── EXCERPTED DATA ──

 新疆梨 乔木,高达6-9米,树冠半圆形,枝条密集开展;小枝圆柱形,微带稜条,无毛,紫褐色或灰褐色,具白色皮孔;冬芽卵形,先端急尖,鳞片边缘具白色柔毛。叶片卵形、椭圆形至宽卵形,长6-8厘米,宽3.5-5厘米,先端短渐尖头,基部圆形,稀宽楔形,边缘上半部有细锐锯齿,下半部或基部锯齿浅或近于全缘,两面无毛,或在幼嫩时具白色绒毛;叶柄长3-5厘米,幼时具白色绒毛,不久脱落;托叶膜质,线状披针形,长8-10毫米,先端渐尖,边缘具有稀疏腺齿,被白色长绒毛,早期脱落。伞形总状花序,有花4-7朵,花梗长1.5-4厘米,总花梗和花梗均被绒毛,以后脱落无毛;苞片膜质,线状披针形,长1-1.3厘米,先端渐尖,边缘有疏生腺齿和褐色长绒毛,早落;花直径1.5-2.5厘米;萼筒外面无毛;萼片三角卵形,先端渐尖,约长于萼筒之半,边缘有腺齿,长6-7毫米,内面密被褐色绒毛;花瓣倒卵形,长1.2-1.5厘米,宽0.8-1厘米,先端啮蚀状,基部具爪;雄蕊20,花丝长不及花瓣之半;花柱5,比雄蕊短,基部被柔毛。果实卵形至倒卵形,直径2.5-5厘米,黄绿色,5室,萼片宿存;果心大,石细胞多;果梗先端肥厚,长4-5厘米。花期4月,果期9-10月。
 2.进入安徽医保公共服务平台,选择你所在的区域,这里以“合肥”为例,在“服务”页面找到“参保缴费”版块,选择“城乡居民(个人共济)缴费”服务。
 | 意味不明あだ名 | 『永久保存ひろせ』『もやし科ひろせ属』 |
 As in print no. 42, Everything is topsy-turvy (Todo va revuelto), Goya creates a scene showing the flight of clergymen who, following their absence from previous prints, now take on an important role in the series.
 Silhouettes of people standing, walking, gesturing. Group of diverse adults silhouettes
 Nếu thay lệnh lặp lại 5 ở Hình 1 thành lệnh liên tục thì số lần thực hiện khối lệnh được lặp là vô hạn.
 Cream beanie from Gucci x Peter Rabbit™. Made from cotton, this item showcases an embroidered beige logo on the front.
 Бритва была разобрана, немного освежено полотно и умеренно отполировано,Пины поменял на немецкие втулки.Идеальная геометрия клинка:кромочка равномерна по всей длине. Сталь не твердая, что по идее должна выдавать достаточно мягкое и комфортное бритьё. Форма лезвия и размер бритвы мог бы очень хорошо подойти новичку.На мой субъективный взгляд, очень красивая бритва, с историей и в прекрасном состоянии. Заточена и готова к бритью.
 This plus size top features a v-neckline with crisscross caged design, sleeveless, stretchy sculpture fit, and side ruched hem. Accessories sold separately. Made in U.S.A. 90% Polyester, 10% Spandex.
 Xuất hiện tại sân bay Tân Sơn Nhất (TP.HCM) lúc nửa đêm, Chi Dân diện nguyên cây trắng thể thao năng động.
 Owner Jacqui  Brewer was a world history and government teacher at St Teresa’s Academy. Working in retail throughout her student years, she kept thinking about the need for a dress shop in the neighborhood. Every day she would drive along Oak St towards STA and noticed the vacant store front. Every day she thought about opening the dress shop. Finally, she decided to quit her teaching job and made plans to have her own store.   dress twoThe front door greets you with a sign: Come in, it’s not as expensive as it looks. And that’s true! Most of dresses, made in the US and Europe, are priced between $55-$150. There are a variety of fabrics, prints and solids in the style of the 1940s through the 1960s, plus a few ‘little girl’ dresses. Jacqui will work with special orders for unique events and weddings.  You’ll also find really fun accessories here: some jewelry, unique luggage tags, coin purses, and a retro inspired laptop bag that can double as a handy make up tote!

───

WHAT THE TASK REQUIRES: Out of the data above, set down the lines from the one with "2.进入安徽医保公共服务平台" to the one with "Silhouettes of people", both included, exactly as written and with no additions.

RESULT FOR THIS TASK:
 2.进入安徽医保公共服务平台,选择你所在的区域,这里以“合肥”为例,在“服务”页面找到“参保缴费”版块,选择“城乡居民(个人共济)缴费”服务。
 | 意味不明あだ名 | 『永久保存ひろせ』『もやし科ひろせ属』 |
 As in print no. 42, Everything is topsy-turvy (Todo va revuelto), Goya creates a scene showing the flight of clergymen who, following their absence from previous prints, now take on an important role in the series.
 Silhouettes of people standing, walking, gesturing. Group of diverse adults silhouettes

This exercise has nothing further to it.